■ ASSIGNMENT
Starting with the line that has "7月29日(火)は棚卸業務の為、閉店時間が変更されております!" and finishing with the line that has "26年071期3d 招财进宝今日胆码推荐图参考", set down each line below exactly. Pictures are not copied.

■ SOURCE RECORDS
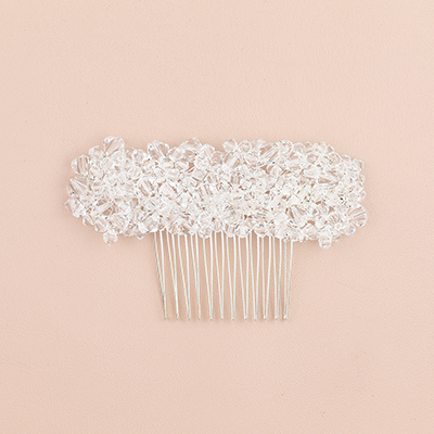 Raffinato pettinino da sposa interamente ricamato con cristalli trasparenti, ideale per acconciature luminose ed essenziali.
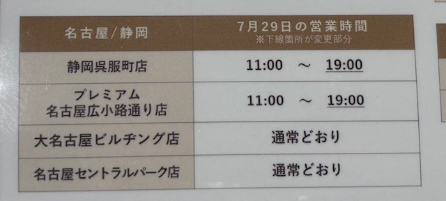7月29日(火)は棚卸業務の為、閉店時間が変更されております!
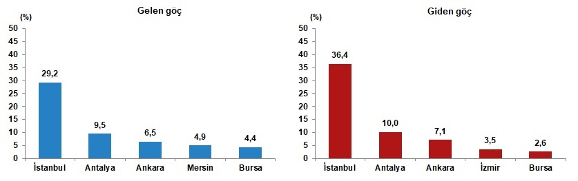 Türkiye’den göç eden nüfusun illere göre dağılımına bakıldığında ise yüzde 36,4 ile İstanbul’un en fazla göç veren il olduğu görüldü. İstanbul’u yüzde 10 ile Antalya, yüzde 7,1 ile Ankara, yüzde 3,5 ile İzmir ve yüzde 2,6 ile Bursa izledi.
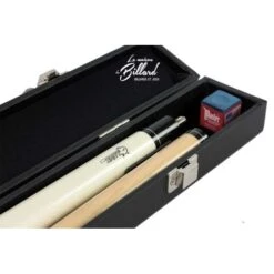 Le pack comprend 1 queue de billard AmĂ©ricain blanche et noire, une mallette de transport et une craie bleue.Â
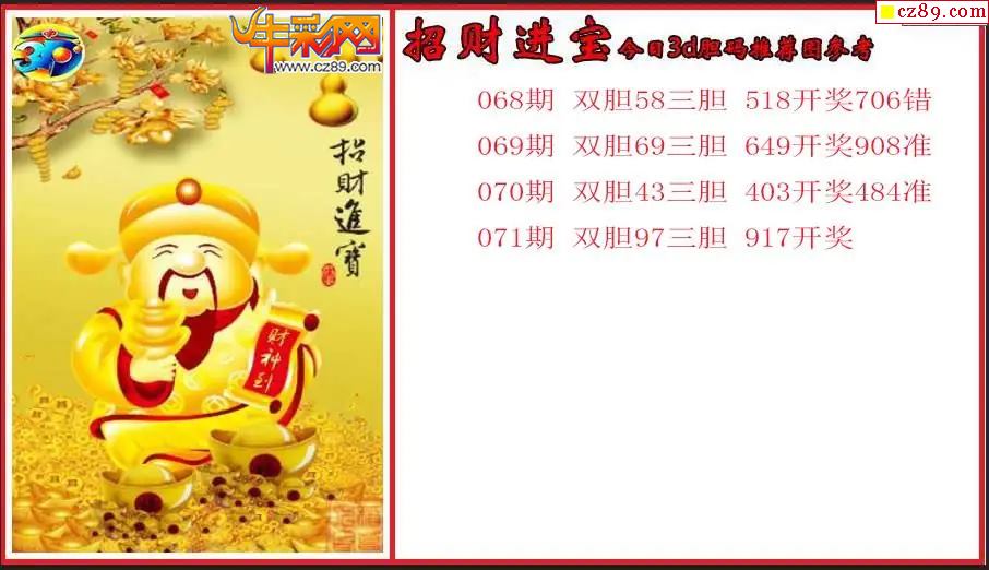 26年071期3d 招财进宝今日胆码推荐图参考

---

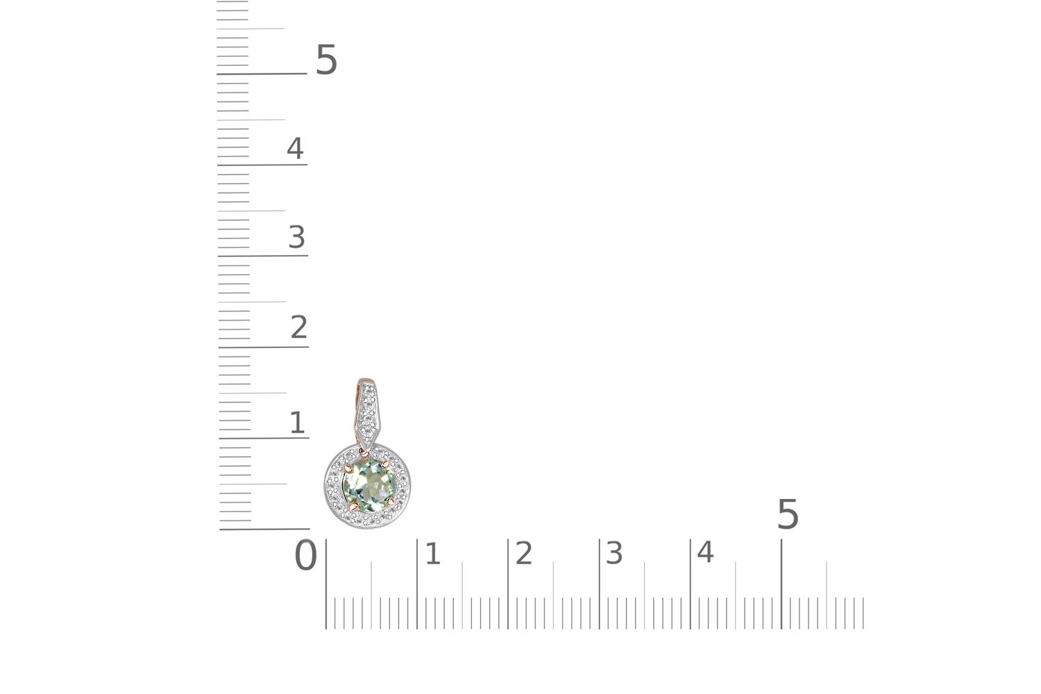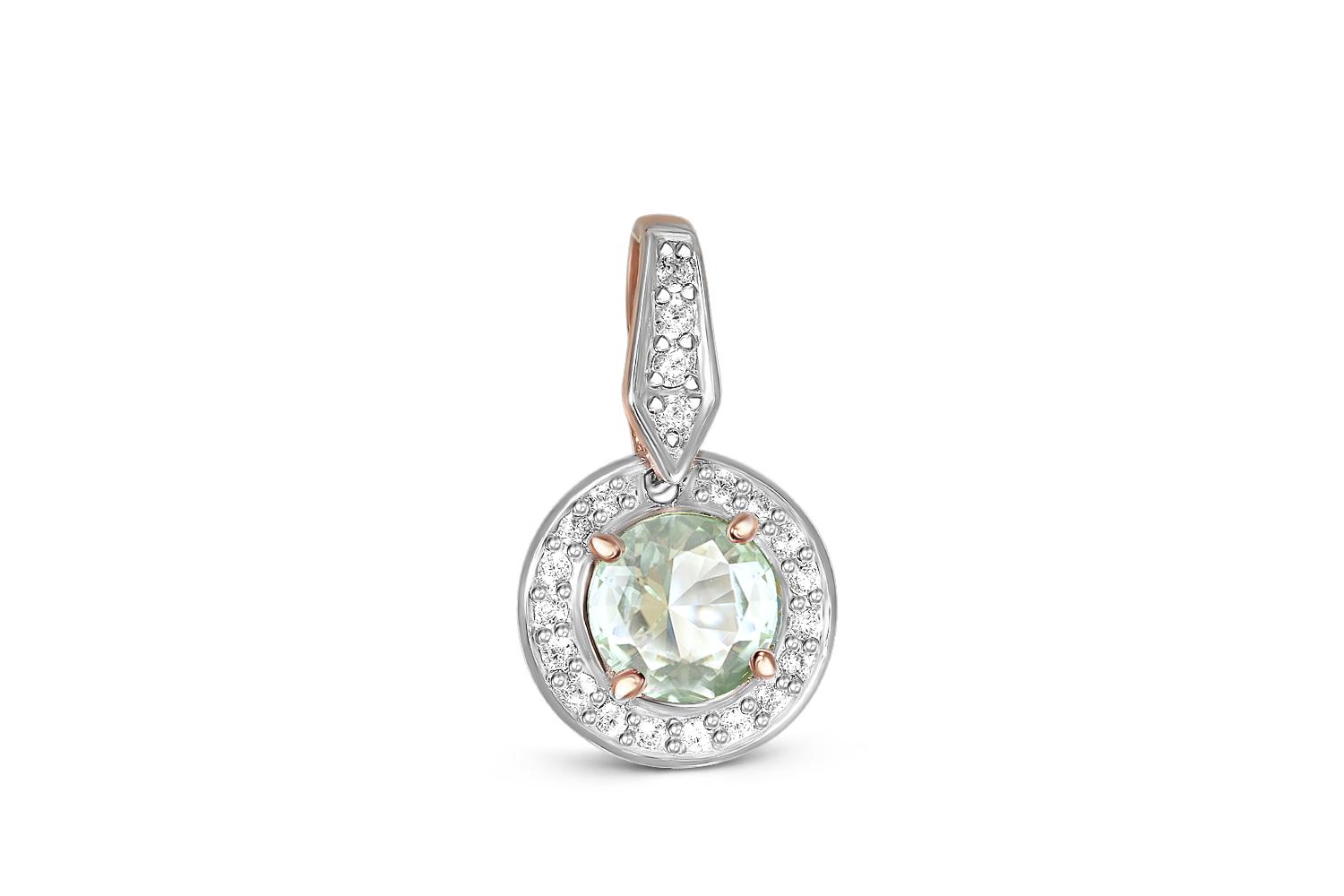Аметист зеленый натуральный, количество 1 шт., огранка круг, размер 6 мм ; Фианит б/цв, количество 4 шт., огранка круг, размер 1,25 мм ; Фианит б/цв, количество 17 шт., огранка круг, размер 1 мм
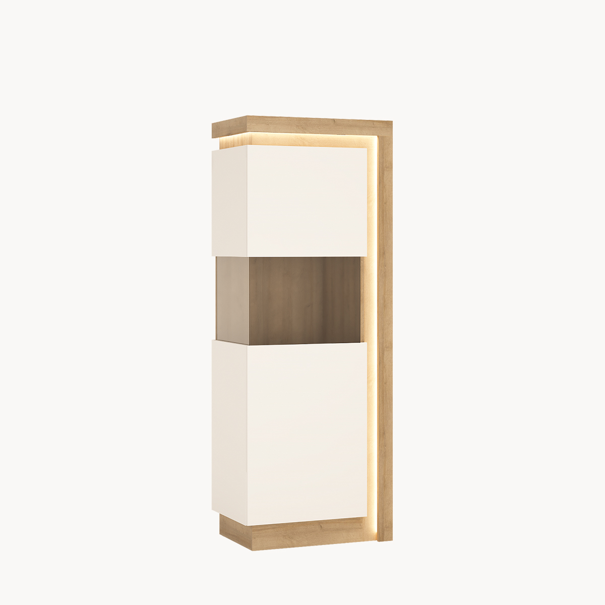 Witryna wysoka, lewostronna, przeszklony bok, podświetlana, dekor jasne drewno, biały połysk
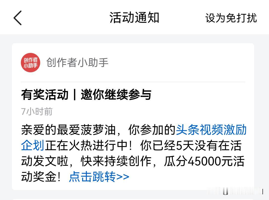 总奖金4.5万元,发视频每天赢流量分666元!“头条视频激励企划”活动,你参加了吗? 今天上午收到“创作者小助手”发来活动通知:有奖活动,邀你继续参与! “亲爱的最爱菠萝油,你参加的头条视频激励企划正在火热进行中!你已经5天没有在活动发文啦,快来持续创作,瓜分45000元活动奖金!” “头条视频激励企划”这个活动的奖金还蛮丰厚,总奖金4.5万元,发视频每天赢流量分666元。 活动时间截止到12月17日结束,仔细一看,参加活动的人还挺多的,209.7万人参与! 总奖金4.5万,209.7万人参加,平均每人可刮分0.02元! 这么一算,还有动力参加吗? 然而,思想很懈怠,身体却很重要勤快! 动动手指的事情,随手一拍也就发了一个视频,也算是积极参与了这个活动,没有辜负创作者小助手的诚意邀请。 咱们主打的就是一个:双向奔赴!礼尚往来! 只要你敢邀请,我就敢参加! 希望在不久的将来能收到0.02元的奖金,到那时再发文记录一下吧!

■ SOLUTION TO THIS TASK
7月29日(火)は棚卸業務の為、閉店時間が変更されております!
 Türkiye’den göç eden nüfusun illere göre dağılımına bakıldığında ise yüzde 36,4 ile İstanbul’un en fazla göç veren il olduğu görüldü. İstanbul’u yüzde 10 ile Antalya, yüzde 7,1 ile Ankara, yüzde 3,5 ile İzmir ve yüzde 2,6 ile Bursa izledi.
 Le pack comprend 1 queue de billard AmĂ©ricain blanche et noire, une mallette de transport et une craie bleue.Â
 26年071期3d 招财进宝今日胆码推荐图参考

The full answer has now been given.